Exact copies of all the entries are required, and no pictures should appear in them.
------ Stored data
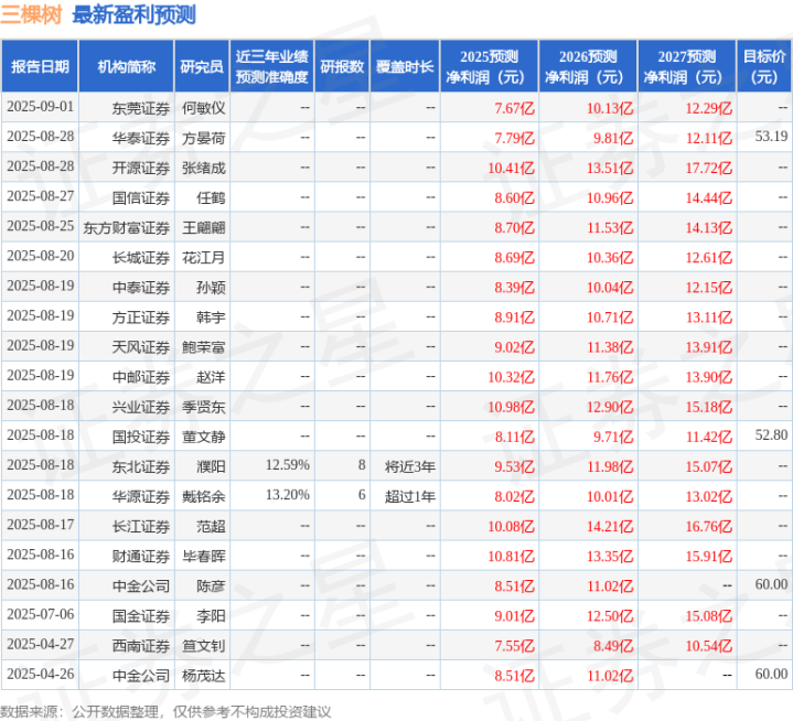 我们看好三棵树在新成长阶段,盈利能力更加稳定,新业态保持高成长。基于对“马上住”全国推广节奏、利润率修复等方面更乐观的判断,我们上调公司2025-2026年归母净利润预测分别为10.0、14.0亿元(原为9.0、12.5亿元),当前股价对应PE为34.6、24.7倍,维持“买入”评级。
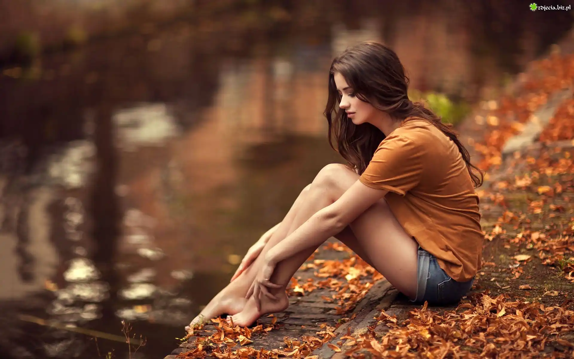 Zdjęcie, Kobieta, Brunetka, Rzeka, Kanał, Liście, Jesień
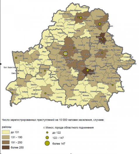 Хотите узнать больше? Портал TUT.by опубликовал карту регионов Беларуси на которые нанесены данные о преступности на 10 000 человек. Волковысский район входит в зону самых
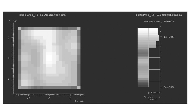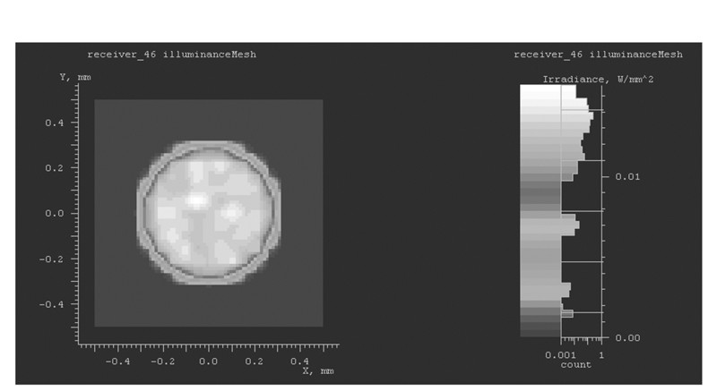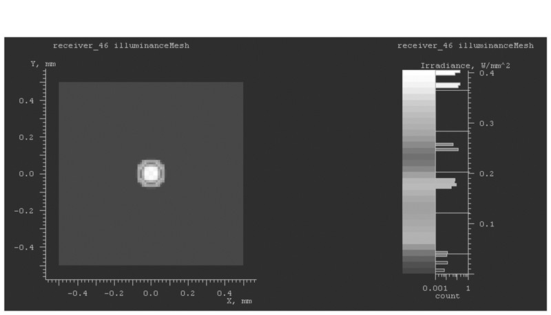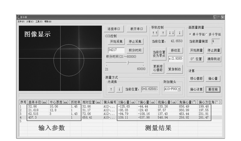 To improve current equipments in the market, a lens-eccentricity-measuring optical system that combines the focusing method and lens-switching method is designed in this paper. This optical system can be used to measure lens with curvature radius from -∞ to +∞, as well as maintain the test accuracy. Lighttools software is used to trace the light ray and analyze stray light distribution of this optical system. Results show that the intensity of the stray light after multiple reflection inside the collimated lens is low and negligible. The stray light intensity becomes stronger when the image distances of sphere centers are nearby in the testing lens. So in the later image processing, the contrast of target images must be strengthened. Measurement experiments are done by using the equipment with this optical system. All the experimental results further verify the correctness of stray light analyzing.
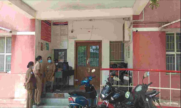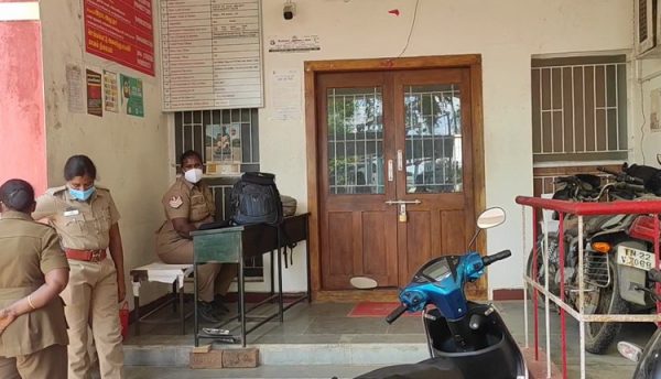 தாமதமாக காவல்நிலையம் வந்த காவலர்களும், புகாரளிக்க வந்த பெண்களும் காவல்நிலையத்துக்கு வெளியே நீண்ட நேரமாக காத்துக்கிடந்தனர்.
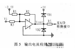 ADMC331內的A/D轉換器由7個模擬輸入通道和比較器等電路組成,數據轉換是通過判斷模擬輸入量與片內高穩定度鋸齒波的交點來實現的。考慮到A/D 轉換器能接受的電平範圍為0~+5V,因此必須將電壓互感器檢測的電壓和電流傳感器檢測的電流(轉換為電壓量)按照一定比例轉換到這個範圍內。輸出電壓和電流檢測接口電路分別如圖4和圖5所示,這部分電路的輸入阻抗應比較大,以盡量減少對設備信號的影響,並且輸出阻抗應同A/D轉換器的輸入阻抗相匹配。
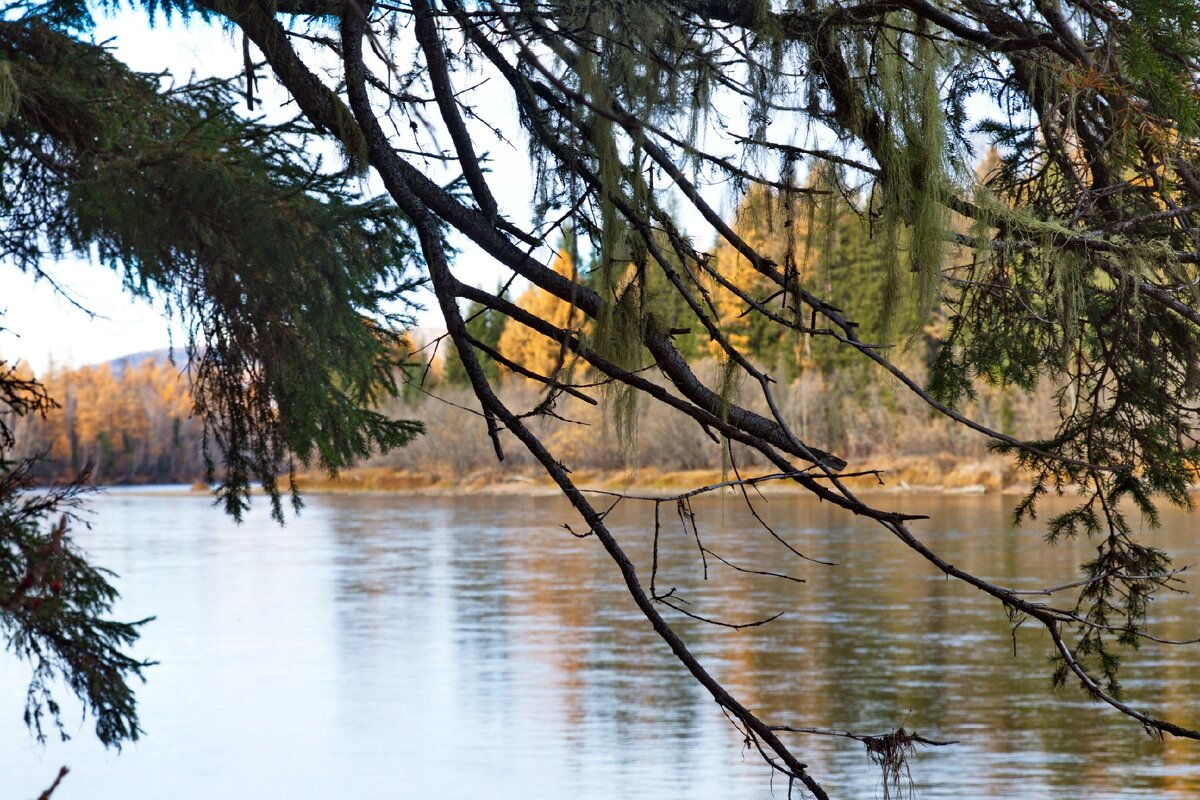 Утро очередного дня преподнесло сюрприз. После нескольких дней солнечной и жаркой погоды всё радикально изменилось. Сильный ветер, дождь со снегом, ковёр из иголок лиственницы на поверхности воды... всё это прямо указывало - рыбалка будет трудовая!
------------
Response area:
 我们看好三棵树在新成长阶段,盈利能力更加稳定,新业态保持高成长。基于对“马上住”全国推广节奏、利润率修复等方面更乐观的判断,我们上调公司2025-2026年归母净利润预测分别为10.0、14.0亿元(原为9.0、12.5亿元),当前股价对应PE为34.6、24.7倍,维持“买入”评级。
 Zdjęcie, Kobieta, Brunetka, Rzeka, Kanał, Liście, Jesień
 Хотите узнать больше? Портал TUT.by опубликовал карту регионов Беларуси на которые нанесены данные о преступности на 10 000 человек. Волковысский район входит в зону самых
 To improve current equipments in the market, a lens-eccentricity-measuring optical system that combines the focusing method and lens-switching method is designed in this paper. This optical system can be used to measure lens with curvature radius from -∞ to +∞, as well as maintain the test accuracy. Lighttools software is used to trace the light ray and analyze stray light distribution of this optical system. Results show that the intensity of the stray light after multiple reflection inside the collimated lens is low and negligible. The stray light intensity becomes stronger when the image distances of sphere centers are nearby in the testing lens. So in the later image processing, the contrast of target images must be strengthened. Measurement experiments are done by using the equipment with this optical system. All the experimental results further verify the correctness of stray light analyzing.
 தாமதமாக காவல்நிலையம் வந்த காவலர்களும், புகாரளிக்க வந்த பெண்களும் காவல்நிலையத்துக்கு வெளியே நீண்ட நேரமாக காத்துக்கிடந்தனர்.
 ADMC331內的A/D轉換器由7個模擬輸入通道和比較器等電路組成,數據轉換是通過判斷模擬輸入量與片內高穩定度鋸齒波的交點來實現的。考慮到A/D 轉換器能接受的電平範圍為0~+5V,因此必須將電壓互感器檢測的電壓和電流傳感器檢測的電流(轉換為電壓量)按照一定比例轉換到這個範圍內。輸出電壓和電流檢測接口電路分別如圖4和圖5所示,這部分電路的輸入阻抗應比較大,以盡量減少對設備信號的影響,並且輸出阻抗應同A/D轉換器的輸入阻抗相匹配。
 Утро очередного дня преподнесло сюрприз. После нескольких дней солнечной и жаркой погоды всё радикально изменилось. Сильный ветер, дождь со снегом, ковёр из иголок лиственницы на поверхности воды... всё это прямо указывало - рыбалка будет трудовая!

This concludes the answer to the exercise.